I love that “in most cases” qualifier above; ditto the “nearly all.” For what distinguishes this book is its gleeful meanness, as in “Lyn Lifshin”:

Not to be mean, or anything
Like that, but did Lyn Lifshin
Really ever exist?

Another, illustrated by a photo of Marilyn Monroe raising a martini glass, is “Robert Grenier”:


Or, illustrated by a photo of a used car salesman, “Robert Pinsky”:

I, too, dislike him,
though I’m not sure why.

Or, illustrated by a photo of Telly Savalas sticking a lollipop into his mouth, “David Antin”:

Shortly after 9/11, he spoke in writing
on the listserv Poetics: “If you encounter
a terrorist on a plane, you don’t politely
request that he return to his seat, you
pull out a .45 and you shoot him.”
History is unstoppable in its teleological
drive to unity: Pop culture merges
with the Humanities; the Talk Show merges
with Talk Poetry.
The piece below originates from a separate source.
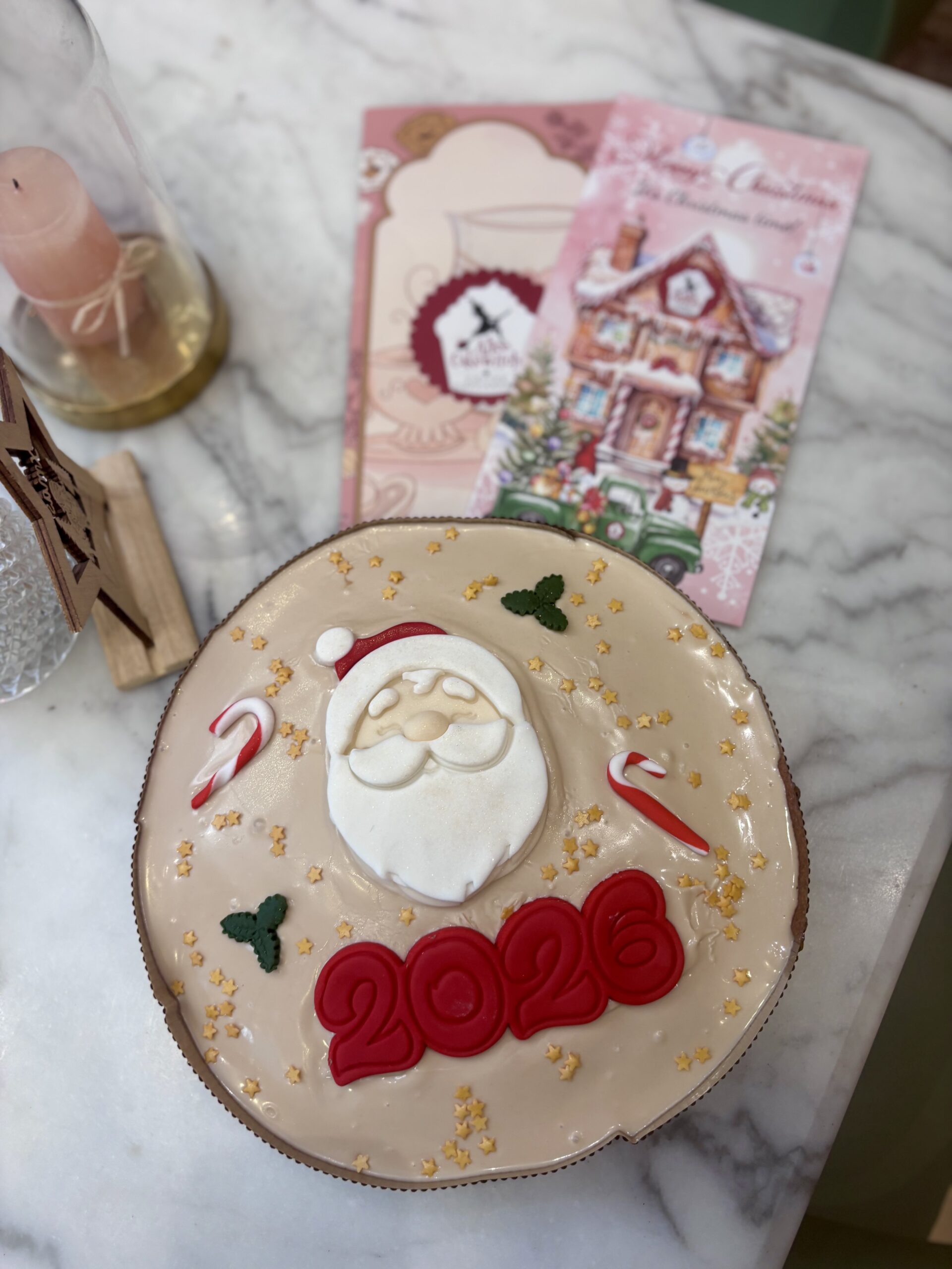 Βασιλόπιτα με κέικ βανίλια με κομμάτια μπισκότου και επικάλυψη πραλίνα bueno

And huge decompressed
machines fall, like ideologemes, out of the air.

Or, illustrated with a photo of the burned corpses of American contractors being hung from a Baghdad bridge, “Stephen Burt”:

Poet and critic, we claim him
as our Randall Jarrell (the younger version)>
Oh, goodbye, Helen Vendler, goodbye,
for you are their Matthew Arnold.
We wash you out of your shattered turret with a hose.

Some of the poems (Graham Foust, Mei-mei Berssenbrugge) are “in the manner” of their targets & in more than a few cases, Johnson is settling scores. My own name appears in a half dozen or so pieces, the hit count of this blog in more than one. Of the 118 total, just 30 are women, several of whom – Eleni Sikelianos, Eileen Myles, Catherine Daly, Hoa Nguyen – are considered more for their looks than their poetry. Un-PC? You bet.

Johnson is, I think, the canary in our coal mine, gasping for air. Like Jim Behrle, whose stance towards poetry as first of all a social activity Johnson comes close to miming, he is telling us something moderately significant about contemporary verse. More than Behrle, Johnson has figured out how to fit this into his written work, as such. But the downside for both is that to get to this place, one has to be almost tragically out of control, which is the choice each appears to accept. There is an audience of sorts that takes this as bravery – the same folks who thought the homophobia of Ed Dorn & Tom Clark with regards to Naropa – wishing Allen Ginsberg “the gift of AIDS” – was telling it like it is. More accurately, it’s like the way in which Clark’s biographies invariably identify with their subjects as monsters, as tho the monster in the mirror were all one could ever hope to confront, really. One might say that Kent Johnson is at war with poetry, with all of it, and desperately in love with it as well. The result is pornographic in the most literal sense – you hate to find yourself staring obsessively at it, like watching someone with horrific burn scars attempt to sip through a straw. As such, it’s a powerful, tho stomach-wrenching experience.